Work instructions: Would you restate each line of the data below word for word, without its pictures?

[Opening Material provided section]

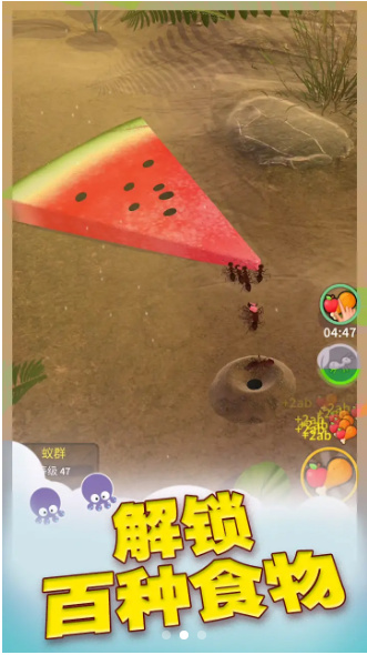 解锁海量食物,满足工蚁需求,解锁全新区域,升级工蚁部队,建造蚂蚁帝国。
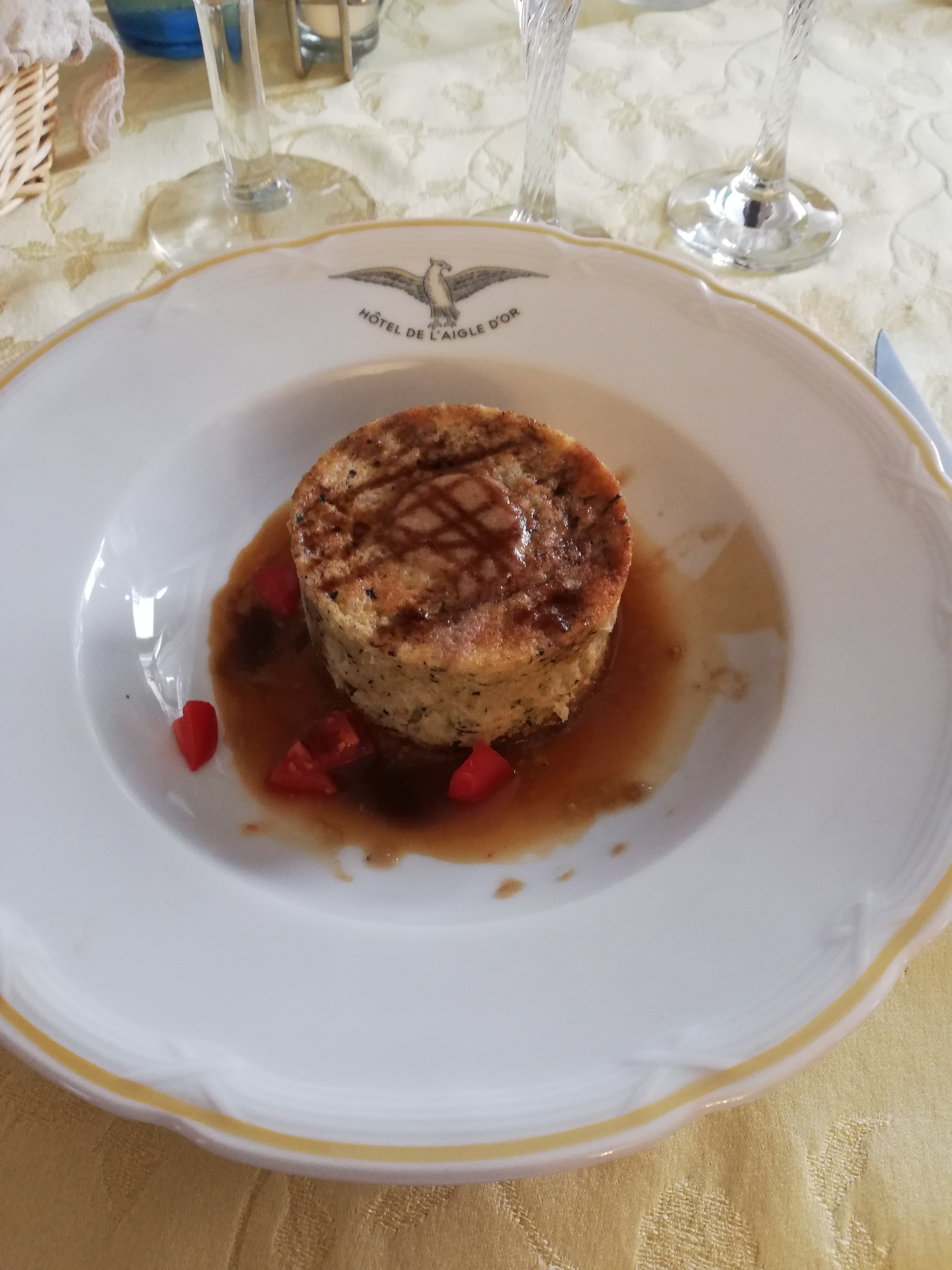 L'aigle n'est plus en or... Chambre simple avec dessus de lit tachés par de la javel et matelas à revoir. Petit déjeuner trop cher pour un morceau de pain décongeler et un pâle croissant ,même si vous avez des barquettes de confitures , des biscottes et des jus de fruits à volonté . Repas du soir correct. En bref Dommage pour un lieu qui a du potentiel.
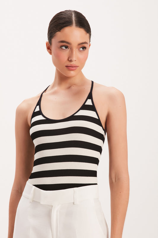 EsgotadoREGATA ALÇA LISTRAS PRETA E OFF WHITE
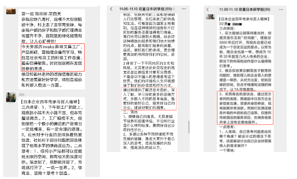 研學(xué)班學(xué)員在社長講解下,詳細參觀了整個酒造場的生產(chǎn)過程。跟著社長“逛”了一圈兒,大家早就被酒香“陶醉了”,已經(jīng)忍不住要體驗一下了~從生產(chǎn)車間出來,大家又被酒造場戶外的綠色深深吸引,整個酒造場宛若建在叢林深處,清新、宜人,精妙的綠色環(huán)保型廠區(qū)讓學(xué)員們紛紛化身“好奇寶寶”,迫不及待地邀請社長答疑~為了能夠讓大家勞逸結(jié)合,每次學(xué)習(xí)都能以最佳的學(xué)習(xí)狀態(tài),在整個研學(xué)路線中,也穿插了不同的景點,感受日式商業(yè)中心,東京最古老的淺草寺,走進日本知名TOP級頂尖高校東京大學(xué)……除了走進景區(qū),研學(xué)班還走進東京最高學(xué)府——東京大學(xué)課堂,理論+實踐,企業(yè)才能走得更長遠,實地走訪了多加企業(yè)之后,研學(xué)班學(xué)員在行程最后一站安排到了東京大學(xué)!由東京大學(xué)教授親自為學(xué)員們授課,讓大家通過另一個維度的學(xué)習(xí)賦能企業(yè)成長!東京大學(xué)教授就《日本的商業(yè)零售及其特點》,為來訪者進行授課~大家在本期日本游學(xué)最后一站點-東京大學(xué)合影通過本次日本企業(yè)游學(xué)之旅,很多學(xué)員都深受啟發(fā),加之樓仲平和祖林老師幫助學(xué)員們理清思路。在貫穿研學(xué)全程的巴士課堂上大家暢所欲言,分享所見所得所想。無論是從巴士課堂上的分享發(fā)言、還是從形成文字感悟來看,都能看出來大家收獲滿滿!結(jié)束當(dāng)天的企業(yè)參訪后,研學(xué)班所有學(xué)員都能做到及時復(fù)盤!行在路上,學(xué)在心里!

[Closing Material provided section]

Completed task:
 解锁海量食物,满足工蚁需求,解锁全新区域,升级工蚁部队,建造蚂蚁帝国。
 L'aigle n'est plus en or... Chambre simple avec dessus de lit tachés par de la javel et matelas à revoir. Petit déjeuner trop cher pour un morceau de pain décongeler et un pâle croissant ,même si vous avez des barquettes de confitures , des biscottes et des jus de fruits à volonté . Repas du soir correct. En bref Dommage pour un lieu qui a du potentiel.
 EsgotadoREGATA ALÇA LISTRAS PRETA E OFF WHITE
 研學(xué)班學(xué)員在社長講解下,詳細參觀了整個酒造場的生產(chǎn)過程。跟著社長“逛”了一圈兒,大家早就被酒香“陶醉了”,已經(jīng)忍不住要體驗一下了~從生產(chǎn)車間出來,大家又被酒造場戶外的綠色深深吸引,整個酒造場宛若建在叢林深處,清新、宜人,精妙的綠色環(huán)保型廠區(qū)讓學(xué)員們紛紛化身“好奇寶寶”,迫不及待地邀請社長答疑~為了能夠讓大家勞逸結(jié)合,每次學(xué)習(xí)都能以最佳的學(xué)習(xí)狀態(tài),在整個研學(xué)路線中,也穿插了不同的景點,感受日式商業(yè)中心,東京最古老的淺草寺,走進日本知名TOP級頂尖高校東京大學(xué)……除了走進景區(qū),研學(xué)班還走進東京最高學(xué)府——東京大學(xué)課堂,理論+實踐,企業(yè)才能走得更長遠,實地走訪了多加企業(yè)之后,研學(xué)班學(xué)員在行程最后一站安排到了東京大學(xué)!由東京大學(xué)教授親自為學(xué)員們授課,讓大家通過另一個維度的學(xué)習(xí)賦能企業(yè)成長!東京大學(xué)教授就《日本的商業(yè)零售及其特點》,為來訪者進行授課~大家在本期日本游學(xué)最后一站點-東京大學(xué)合影通過本次日本企業(yè)游學(xué)之旅,很多學(xué)員都深受啟發(fā),加之樓仲平和祖林老師幫助學(xué)員們理清思路。在貫穿研學(xué)全程的巴士課堂上大家暢所欲言,分享所見所得所想。無論是從巴士課堂上的分享發(fā)言、還是從形成文字感悟來看,都能看出來大家收獲滿滿!結(jié)束當(dāng)天的企業(yè)參訪后,研學(xué)班所有學(xué)員都能做到及時復(fù)盤!行在路上,學(xué)在心里!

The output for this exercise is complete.